# [YOUR GOAL]
Give the lines again exactly as they appear below, from the line with "El castillo se" to the line with "키움 선수들이 7일 고척스카이돔에서", both included, and only those lines. Leave every picture out.

# [LISTED RECORDS]

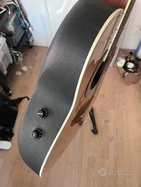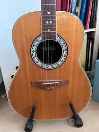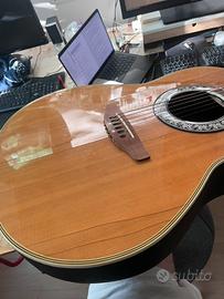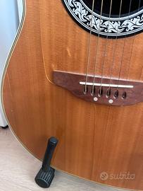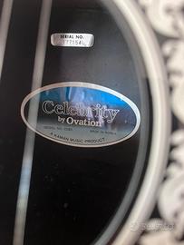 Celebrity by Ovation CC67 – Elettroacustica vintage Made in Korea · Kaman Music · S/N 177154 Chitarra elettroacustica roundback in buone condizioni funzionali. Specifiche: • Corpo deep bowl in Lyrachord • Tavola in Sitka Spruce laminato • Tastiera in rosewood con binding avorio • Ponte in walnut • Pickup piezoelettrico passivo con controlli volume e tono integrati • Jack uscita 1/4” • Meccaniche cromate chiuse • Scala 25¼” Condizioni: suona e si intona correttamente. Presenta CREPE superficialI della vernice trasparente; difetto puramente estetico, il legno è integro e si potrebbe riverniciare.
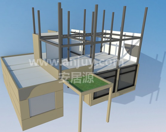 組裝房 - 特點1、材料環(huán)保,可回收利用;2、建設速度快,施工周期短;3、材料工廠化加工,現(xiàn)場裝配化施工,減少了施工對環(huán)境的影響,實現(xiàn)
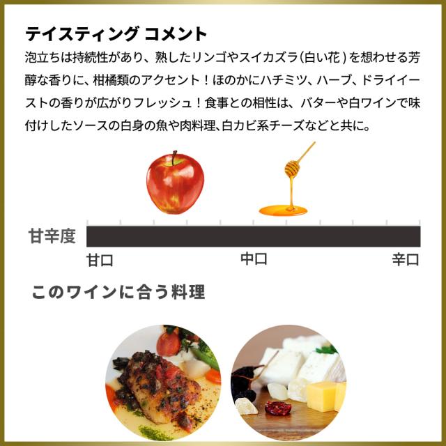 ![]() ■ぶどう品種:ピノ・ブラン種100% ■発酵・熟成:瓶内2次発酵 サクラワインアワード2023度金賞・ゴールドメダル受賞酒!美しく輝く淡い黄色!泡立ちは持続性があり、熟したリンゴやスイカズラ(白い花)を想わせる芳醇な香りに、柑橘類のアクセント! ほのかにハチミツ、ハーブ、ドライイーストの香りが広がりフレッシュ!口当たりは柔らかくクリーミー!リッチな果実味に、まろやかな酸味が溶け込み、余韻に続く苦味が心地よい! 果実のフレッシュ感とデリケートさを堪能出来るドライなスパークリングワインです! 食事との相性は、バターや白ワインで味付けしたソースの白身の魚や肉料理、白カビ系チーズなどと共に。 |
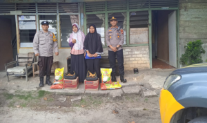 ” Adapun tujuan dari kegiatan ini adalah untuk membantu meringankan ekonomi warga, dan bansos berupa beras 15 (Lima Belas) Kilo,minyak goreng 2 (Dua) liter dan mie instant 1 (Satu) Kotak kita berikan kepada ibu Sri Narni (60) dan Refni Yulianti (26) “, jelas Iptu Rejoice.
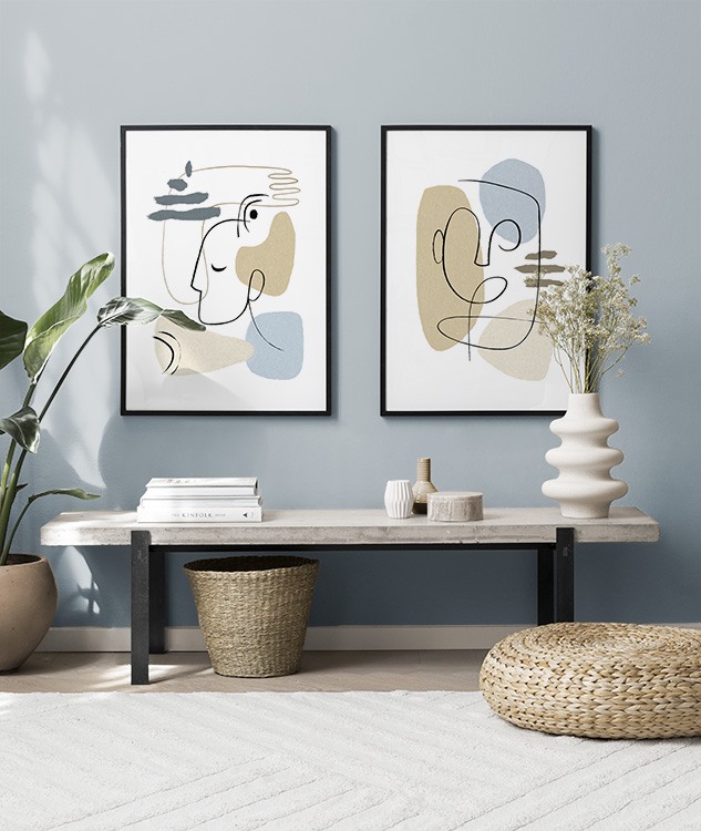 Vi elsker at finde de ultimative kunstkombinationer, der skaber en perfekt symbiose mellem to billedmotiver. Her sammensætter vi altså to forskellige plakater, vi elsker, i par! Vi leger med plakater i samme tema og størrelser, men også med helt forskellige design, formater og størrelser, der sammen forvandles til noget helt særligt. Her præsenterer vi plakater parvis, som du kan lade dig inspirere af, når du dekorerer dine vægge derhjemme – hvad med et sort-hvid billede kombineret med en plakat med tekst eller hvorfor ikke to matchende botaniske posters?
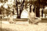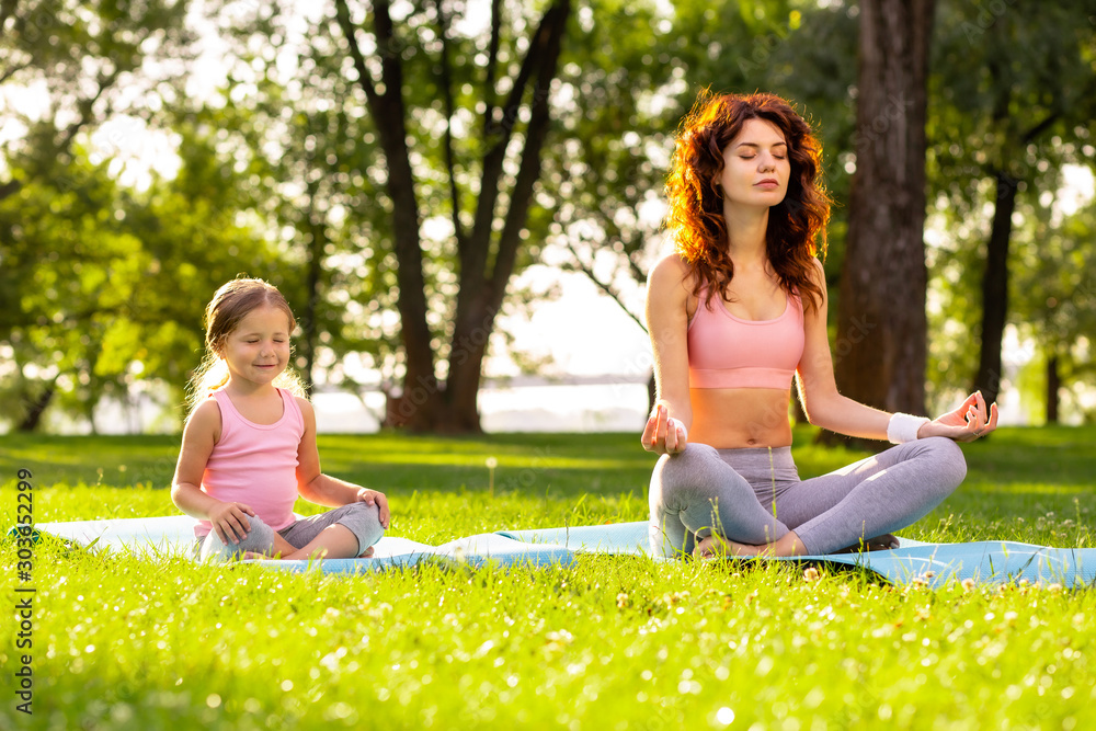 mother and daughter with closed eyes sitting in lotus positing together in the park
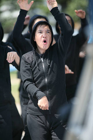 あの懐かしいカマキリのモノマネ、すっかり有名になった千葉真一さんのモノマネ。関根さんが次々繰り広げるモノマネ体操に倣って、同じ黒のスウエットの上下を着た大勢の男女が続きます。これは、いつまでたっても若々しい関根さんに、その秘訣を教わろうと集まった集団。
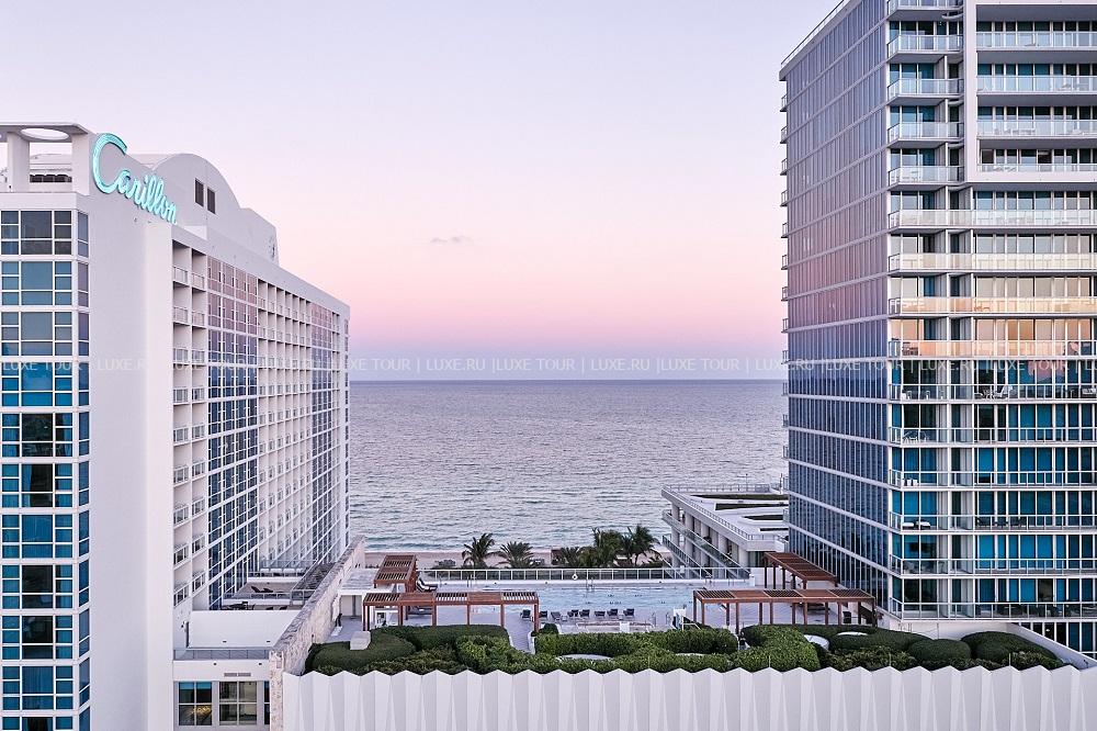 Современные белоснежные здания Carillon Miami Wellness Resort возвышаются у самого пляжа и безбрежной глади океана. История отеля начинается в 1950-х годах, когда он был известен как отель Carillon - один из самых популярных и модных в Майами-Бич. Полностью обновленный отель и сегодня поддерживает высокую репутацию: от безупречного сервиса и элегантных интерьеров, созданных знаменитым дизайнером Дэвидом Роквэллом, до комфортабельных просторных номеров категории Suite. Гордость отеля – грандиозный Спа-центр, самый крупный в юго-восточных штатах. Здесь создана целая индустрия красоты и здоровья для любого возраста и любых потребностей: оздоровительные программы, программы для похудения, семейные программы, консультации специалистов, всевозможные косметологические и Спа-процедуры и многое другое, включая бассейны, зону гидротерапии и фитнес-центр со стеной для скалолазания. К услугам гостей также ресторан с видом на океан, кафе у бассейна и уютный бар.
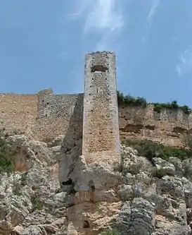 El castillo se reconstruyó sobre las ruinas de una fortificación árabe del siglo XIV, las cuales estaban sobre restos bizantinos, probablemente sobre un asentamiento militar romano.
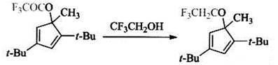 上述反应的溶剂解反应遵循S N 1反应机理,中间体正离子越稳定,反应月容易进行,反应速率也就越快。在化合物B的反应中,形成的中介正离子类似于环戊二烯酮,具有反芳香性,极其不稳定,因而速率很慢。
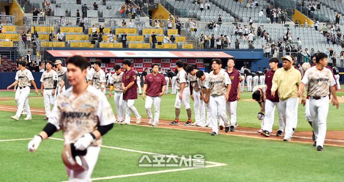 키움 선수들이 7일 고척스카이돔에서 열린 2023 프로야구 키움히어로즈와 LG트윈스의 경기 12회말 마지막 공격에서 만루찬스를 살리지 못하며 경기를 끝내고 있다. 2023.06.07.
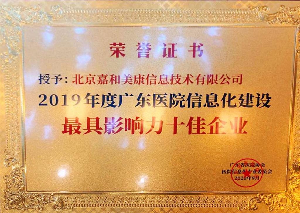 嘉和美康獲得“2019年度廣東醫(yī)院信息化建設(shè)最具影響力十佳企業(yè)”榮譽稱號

# [ANSWER FOR THIS EXERCISE]
 El castillo se reconstruyó sobre las ruinas de una fortificación árabe del siglo XIV, las cuales estaban sobre restos bizantinos, probablemente sobre un asentamiento militar romano.
 上述反应的溶剂解反应遵循S N 1反应机理,中间体正离子越稳定,反应月容易进行,反应速率也就越快。在化合物B的反应中,形成的中介正离子类似于环戊二烯酮,具有反芳香性,极其不稳定,因而速率很慢。
 키움 선수들이 7일 고척스카이돔에서 열린 2023 프로야구 키움히어로즈와 LG트윈스의 경기 12회말 마지막 공격에서 만루찬스를 살리지 못하며 경기를 끝내고 있다. 2023.06.07.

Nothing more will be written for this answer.